Word for word, copy the line that contains "Hoodie med dragkedja" and each line after it in the data below. Pictures stay out of the copy.
++++ Data section ++++
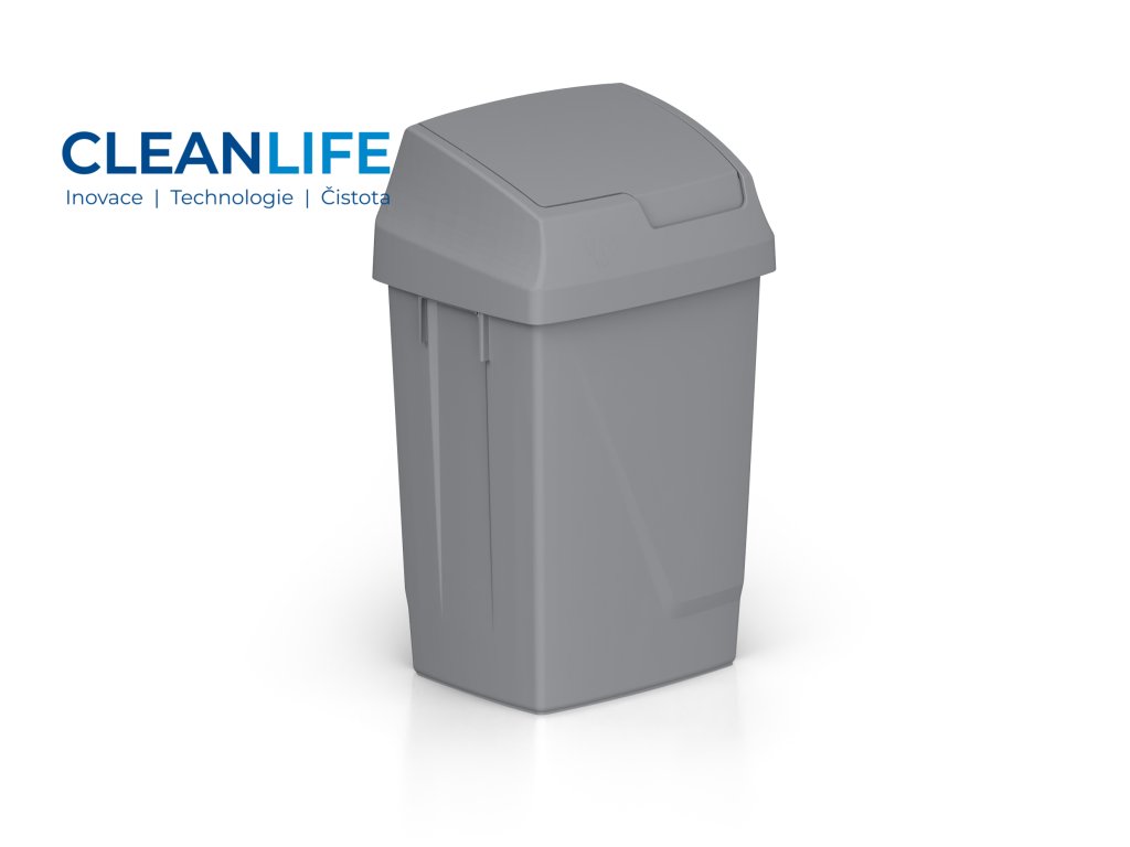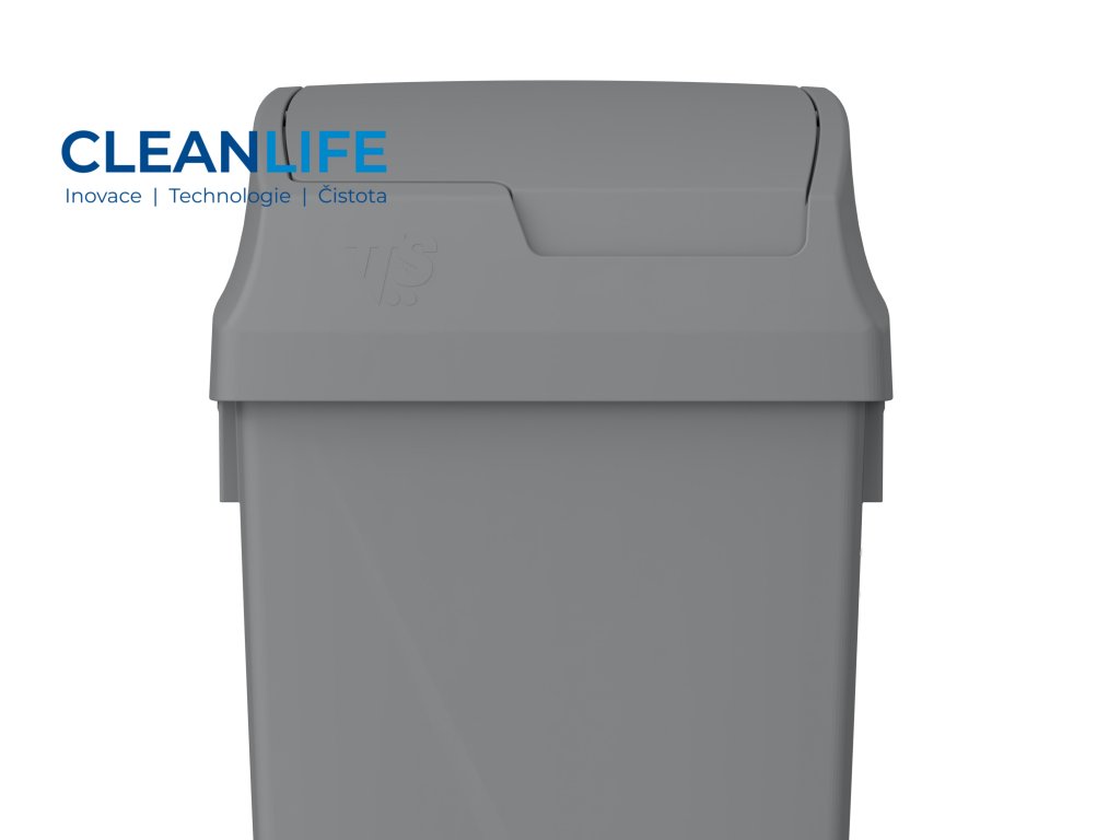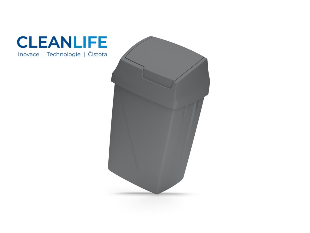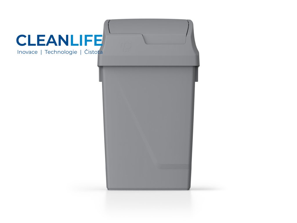 Víko je výkyvné a otevírá se směrem dovnitř koše, což eliminuje nárazy do stěny nebo okolního vybavení. Kromě toho lze pohyb víka v určité pozici zablokovat pro pohodlnější vkládání odpadu.
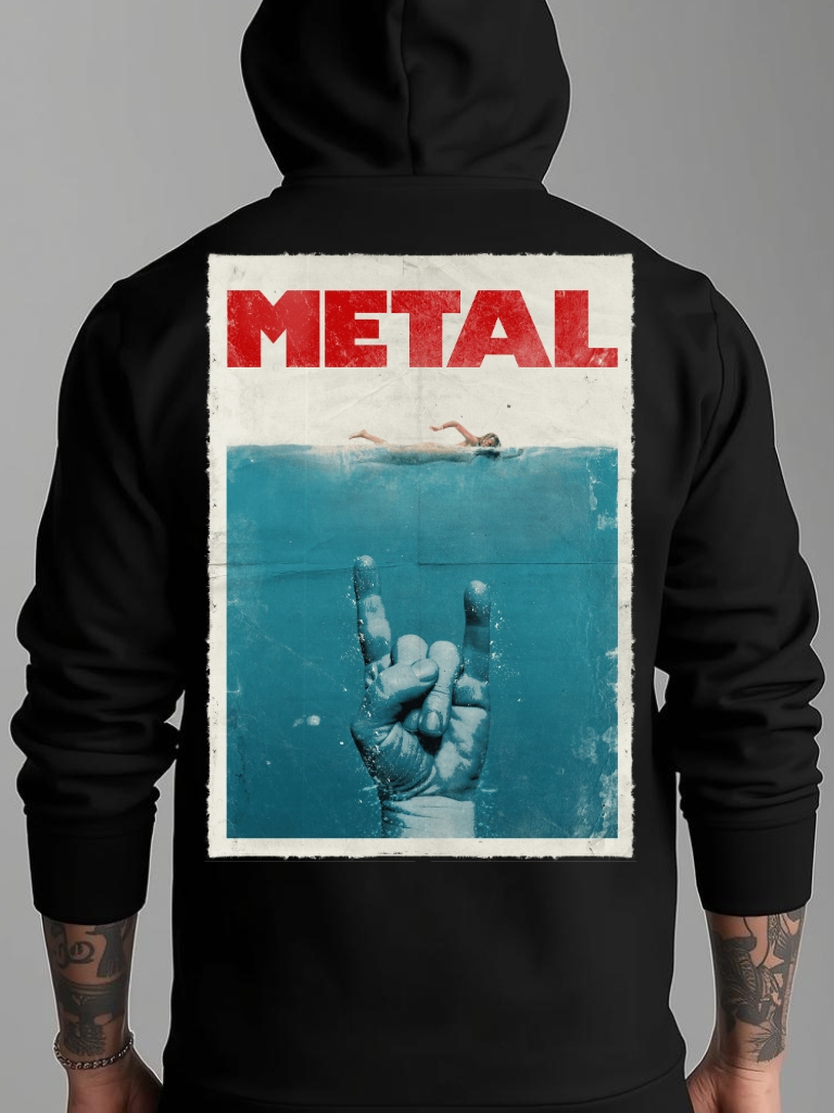 Hoodie med dragkedja och ett stort tryck på ryggen. Trycket är dekorerat med en välkänd omgjord filmposter med den nya texten ’Metal’. Passar perfekt till både män och kvinnor, materialet är blandad bomull och polyester.
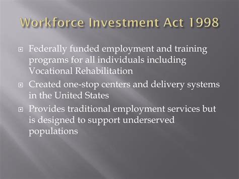 So, what exactly is the Workforce Investment Act ? In a nutshell, WIA was a landmark piece of U.S. federal legislation designed to overhaul the nation’s job training system. Enacted in 1998, its primary goal was to create a more flexible and effective workforce development system. This system would help job seekers find employment and help businesses find skilled workers. Think of it as a massive, nationwide effort to connect people with the skills they need to thrive in the job market, and simultaneously give businesses access to a ready pool of qualified candidates. The emphasis here was on a demand-driven approach. This means the programs were designed to respond to the actual needs of employers in different industries and regions. This approach was a significant shift from previous job training programs that were often criticized for being disconnected from real-world job requirements. WIA aimed to solve this problem by involving businesses directly in the planning and delivery of training programs. Businesses had a seat at the table to advise, and help shape programs so that they match the skills their new employees will need to succeed.
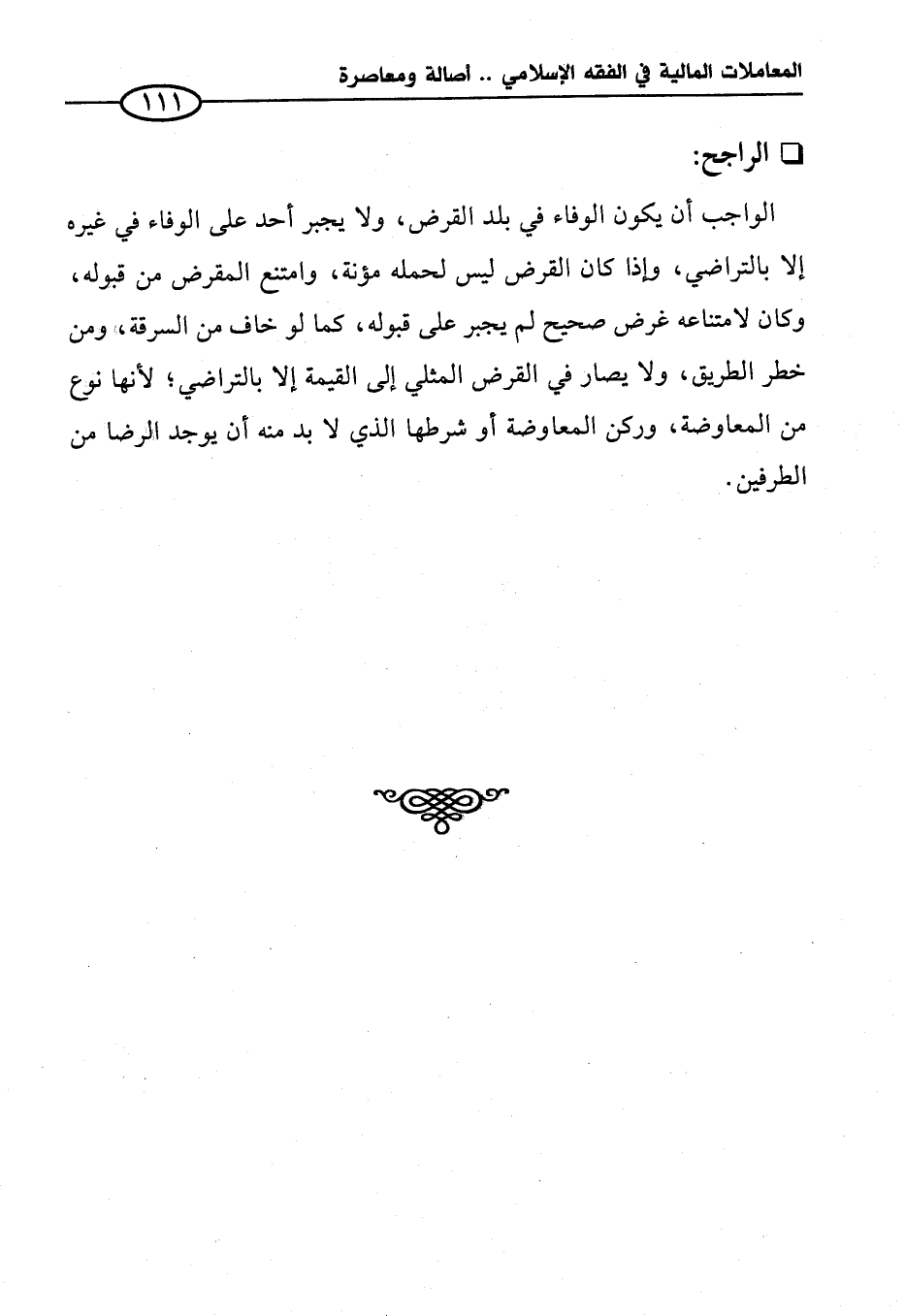 الواجب أن يكون الوفاء في بلد القرض، ولا يجبر أحد على الوفاء في غيره إلا بالتراضي، وإذا كان القرض ليس لحمله مؤنة، وامتنع المقرض من قبوله، وكان لامتناعه غرض صحيح لم يجبر على قبوله، كما لو خاف من السرقة، ومن خطر الطريق، ولا يصار في القرض المثلي إلى القيمة إلا بالتراضي؛ لأنها نوع من المعاوضة، وركن المعاوضة أو شرطها الذي لا بد منه أن يوجد الرضا من الطرفين.
++++
Result »
 Hoodie med dragkedja och ett stort tryck på ryggen. Trycket är dekorerat med en välkänd omgjord filmposter med den nya texten ’Metal’. Passar perfekt till både män och kvinnor, materialet är blandad bomull och polyester.
 So, what exactly is the Workforce Investment Act ? In a nutshell, WIA was a landmark piece of U.S. federal legislation designed to overhaul the nation’s job training system. Enacted in 1998, its primary goal was to create a more flexible and effective workforce development system. This system would help job seekers find employment and help businesses find skilled workers. Think of it as a massive, nationwide effort to connect people with the skills they need to thrive in the job market, and simultaneously give businesses access to a ready pool of qualified candidates. The emphasis here was on a demand-driven approach. This means the programs were designed to respond to the actual needs of employers in different industries and regions. This approach was a significant shift from previous job training programs that were often criticized for being disconnected from real-world job requirements. WIA aimed to solve this problem by involving businesses directly in the planning and delivery of training programs. Businesses had a seat at the table to advise, and help shape programs so that they match the skills their new employees will need to succeed.
 الواجب أن يكون الوفاء في بلد القرض، ولا يجبر أحد على الوفاء في غيره إلا بالتراضي، وإذا كان القرض ليس لحمله مؤنة، وامتنع المقرض من قبوله، وكان لامتناعه غرض صحيح لم يجبر على قبوله، كما لو خاف من السرقة، ومن خطر الطريق، ولا يصار في القرض المثلي إلى القيمة إلا بالتراضي؛ لأنها نوع من المعاوضة، وركن المعاوضة أو شرطها الذي لا بد منه أن يوجد الرضا من الطرفين.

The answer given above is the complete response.